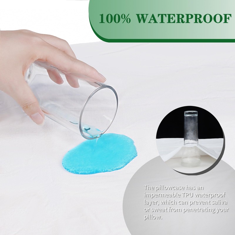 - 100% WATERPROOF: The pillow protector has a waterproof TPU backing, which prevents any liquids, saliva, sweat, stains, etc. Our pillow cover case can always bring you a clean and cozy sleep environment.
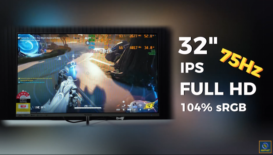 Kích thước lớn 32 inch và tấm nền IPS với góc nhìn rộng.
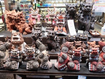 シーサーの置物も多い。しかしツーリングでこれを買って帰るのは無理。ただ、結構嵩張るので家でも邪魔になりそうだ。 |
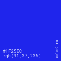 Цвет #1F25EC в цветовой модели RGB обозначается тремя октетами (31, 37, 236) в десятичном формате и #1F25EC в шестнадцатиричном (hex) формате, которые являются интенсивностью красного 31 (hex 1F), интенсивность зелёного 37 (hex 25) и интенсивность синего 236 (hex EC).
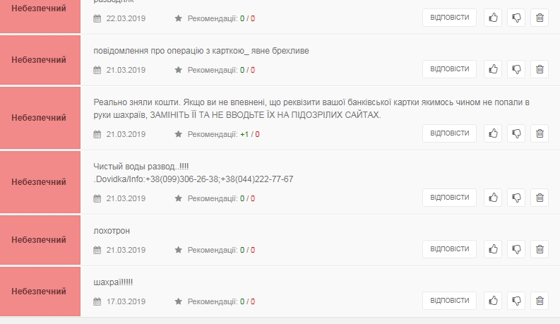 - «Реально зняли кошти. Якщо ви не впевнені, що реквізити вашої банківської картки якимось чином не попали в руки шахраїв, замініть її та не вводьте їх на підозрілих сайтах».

^^^^^^^^

=== Aim of the exercise ===
Nothing but the lines from the first line of the data through the line with "シーサーの置物も多い。しかし" belongs in the answer, copied exactly and without pictures.

=== Answer section ===
 - 100% WATERPROOF: The pillow protector has a waterproof TPU backing, which prevents any liquids, saliva, sweat, stains, etc. Our pillow cover case can always bring you a clean and cozy sleep environment.
 Kích thước lớn 32 inch và tấm nền IPS với góc nhìn rộng.
 シーサーの置物も多い。しかしツーリングでこれを買って帰るのは無理。ただ、結構嵩張るので家でも邪魔になりそうだ。 |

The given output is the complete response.